_Task prompt:_ Omitting every picture, copy the lines from the one that contains "- Supervisors will" through the last line of the records below, exactly and with nothing added.

_Source material:_
BEGIN

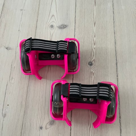 Skøjtebeskyttere til kunstskøjter i pink plastik. Sættet består af to par beskyttere, som monteres uden på skøjteklingerne for at beskytte dem under gang uden for isen og under opbevaring. Beskytterne har justerbar længde og lukkes med små plastspænder, så de kan tilpasses forskellige størrelser skøjter. Velegnet til almindelige kunstskøjter med standard klingeprofil.
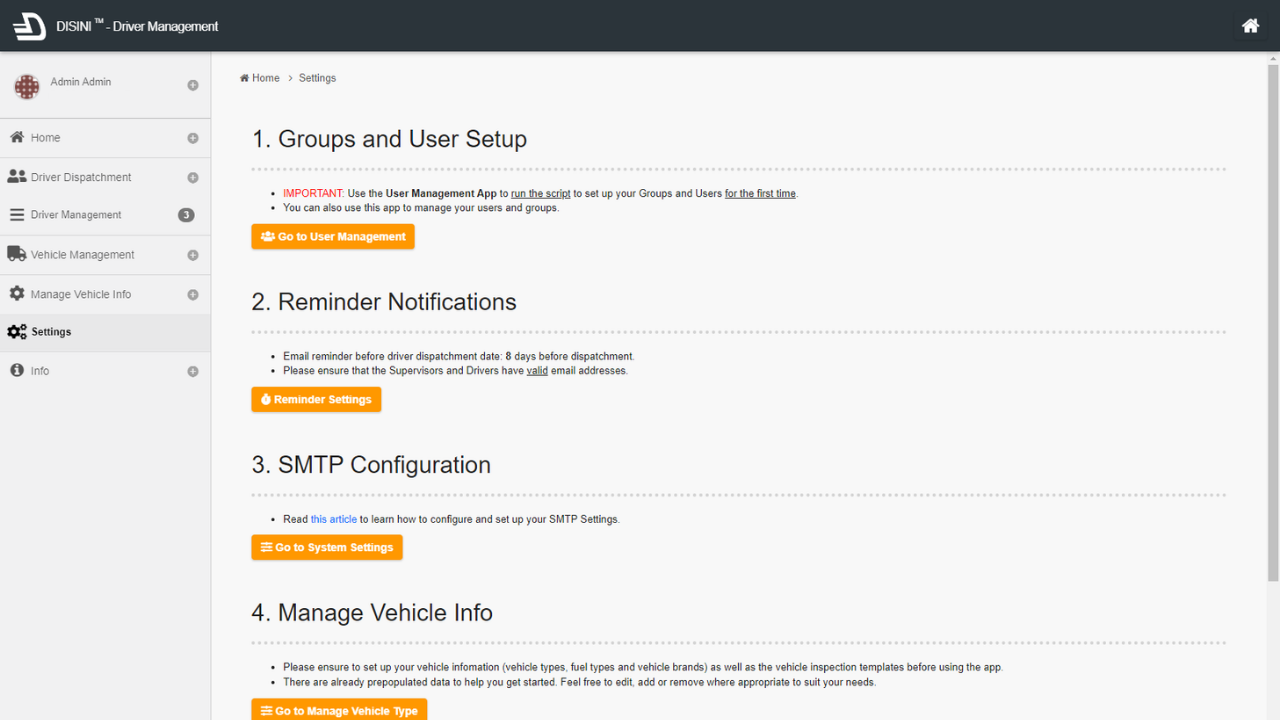 - Supervisors will be able to set reminder notifications for the drivers of upcoming dispatchment process.
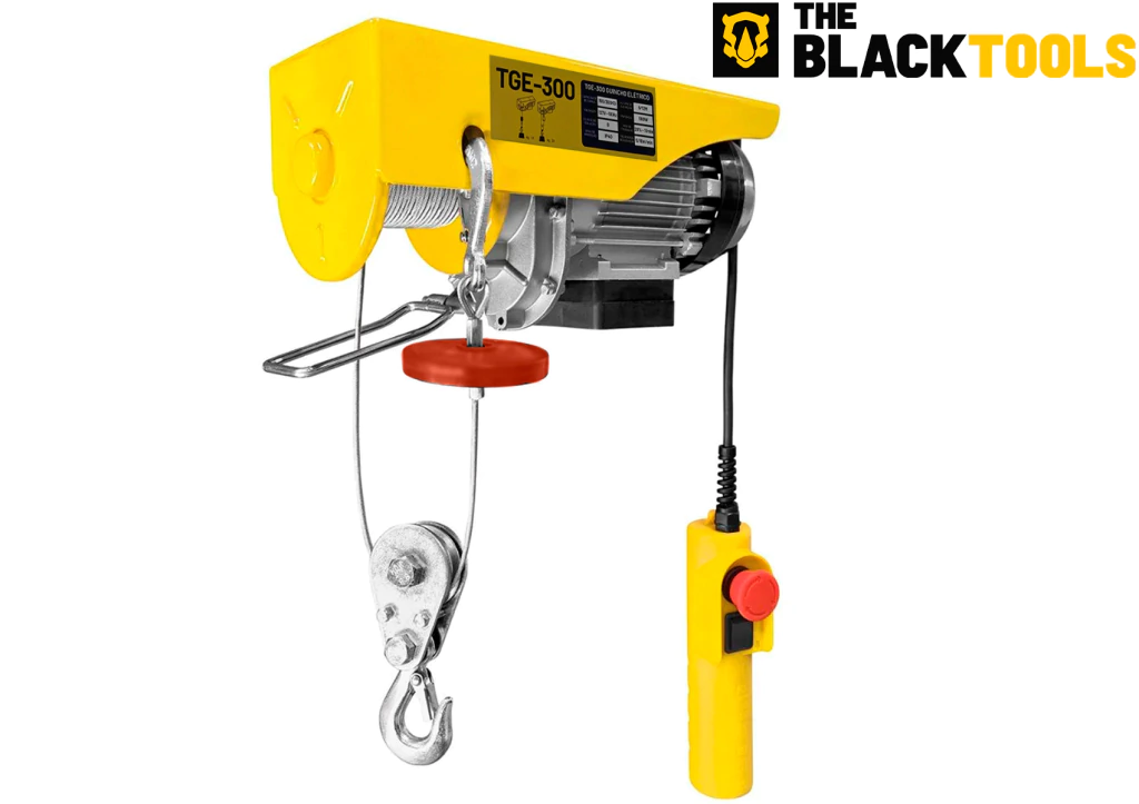 DESCRIÇÃO: O Guincho Elétrico de Coluna TGE-300 da The Black Tools é a solução perfeita para elevação de cargas em oficinas, garagens, construções e diversos outros ambientes que exigem força, segurança e praticidade. Com design robusto, fácil instalação e operação intuitiva, oferece alto desempenho e segurança no manuseio de cargas pesadas.
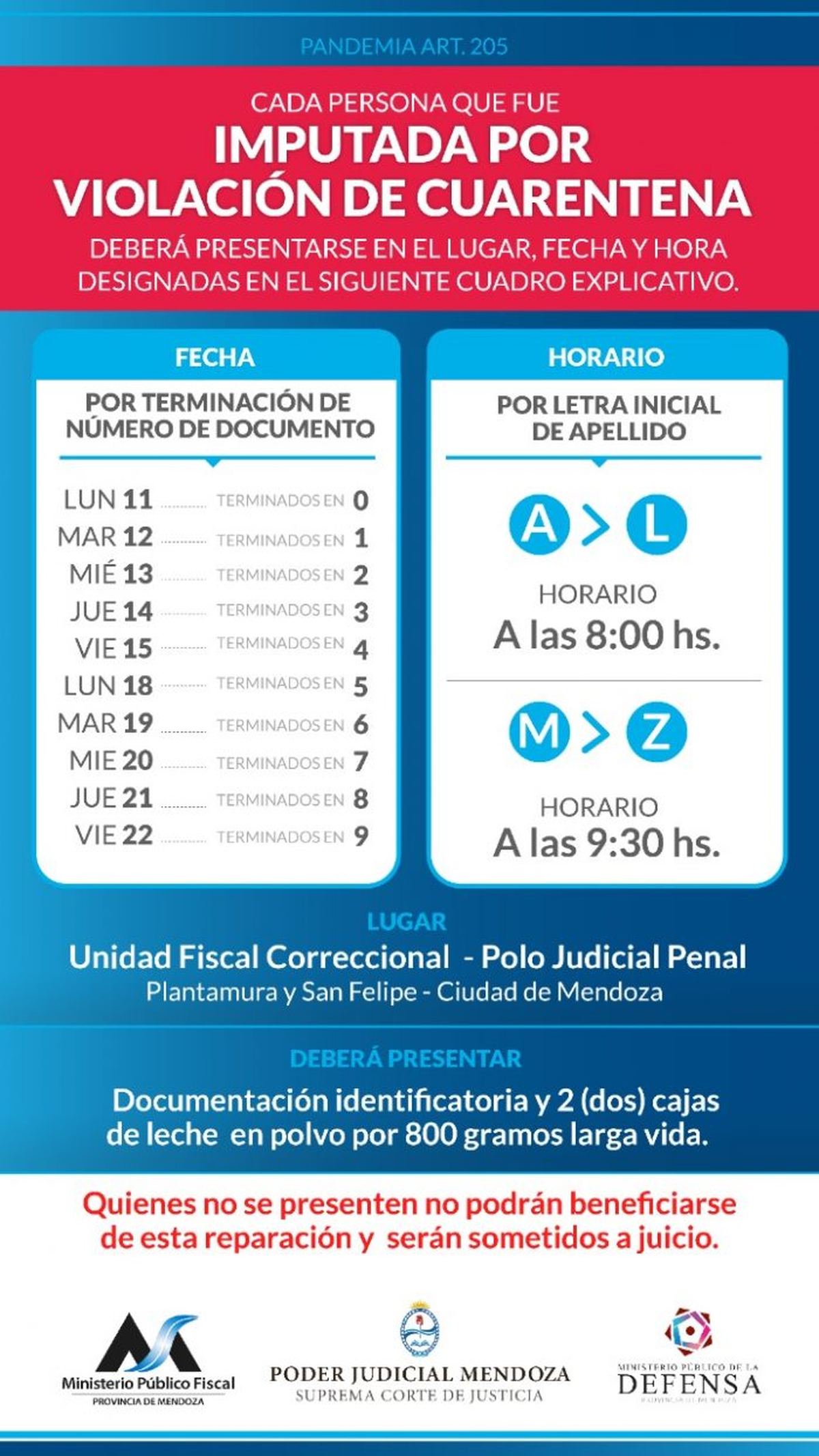 Más de 6.000 ciudadanos fueron imputados por la violación del artículo 205. Frente a la enorme cantidad de causas judiciales abiertas y a la imposibilidad operativa de tratarlas una por una, la Justicia ofreció una solución restaurativa: que cada imputado pague por el daño ocasionado donando cajas de leche. Todo lo recaudado será destinado a las carteras de Salud y Educación de Mendoza.
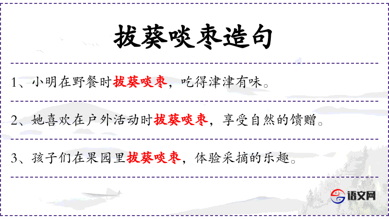 - 动词短语:拔葵啖枣
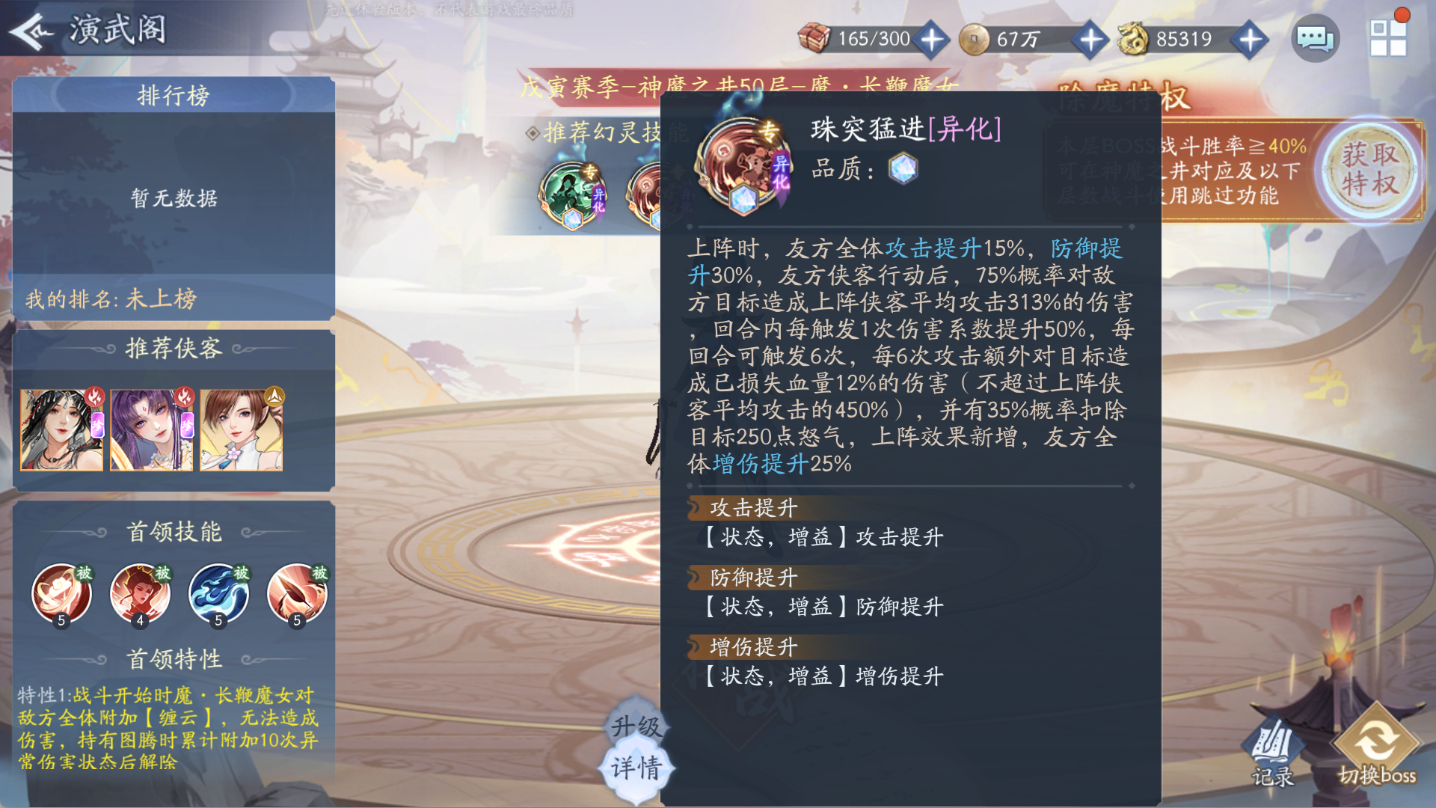 【珠突猛进】这是一个比较强势的攻击型技能,提升友方全体攻击与防御,对敌方目标造成上阵侠客平均攻击 百分比 的伤害,回合内每触发1次均有伤害系数提升,且每回合可触发6次,每6次攻击额外对目标造成已损血量百分比的伤害,可移除魔·长鞭魔女的特性——【凝丝】,并有概率扣除目标怒气,白色品质带有提升增伤的效果,属于攻击型较为强势的技能

END

_Answer to the exercise:_
 - Supervisors will be able to set reminder notifications for the drivers of upcoming dispatchment process.
 DESCRIÇÃO: O Guincho Elétrico de Coluna TGE-300 da The Black Tools é a solução perfeita para elevação de cargas em oficinas, garagens, construções e diversos outros ambientes que exigem força, segurança e praticidade. Com design robusto, fácil instalação e operação intuitiva, oferece alto desempenho e segurança no manuseio de cargas pesadas.
 Más de 6.000 ciudadanos fueron imputados por la violación del artículo 205. Frente a la enorme cantidad de causas judiciales abiertas y a la imposibilidad operativa de tratarlas una por una, la Justicia ofreció una solución restaurativa: que cada imputado pague por el daño ocasionado donando cajas de leche. Todo lo recaudado será destinado a las carteras de Salud y Educación de Mendoza.
 - 动词短语:拔葵啖枣
 【珠突猛进】这是一个比较强势的攻击型技能,提升友方全体攻击与防御,对敌方目标造成上阵侠客平均攻击 百分比 的伤害,回合内每触发1次均有伤害系数提升,且每回合可触发6次,每6次攻击额外对目标造成已损血量百分比的伤害,可移除魔·长鞭魔女的特性——【凝丝】,并有概率扣除目标怒气,白色品质带有提升增伤的效果,属于攻击型较为强势的技能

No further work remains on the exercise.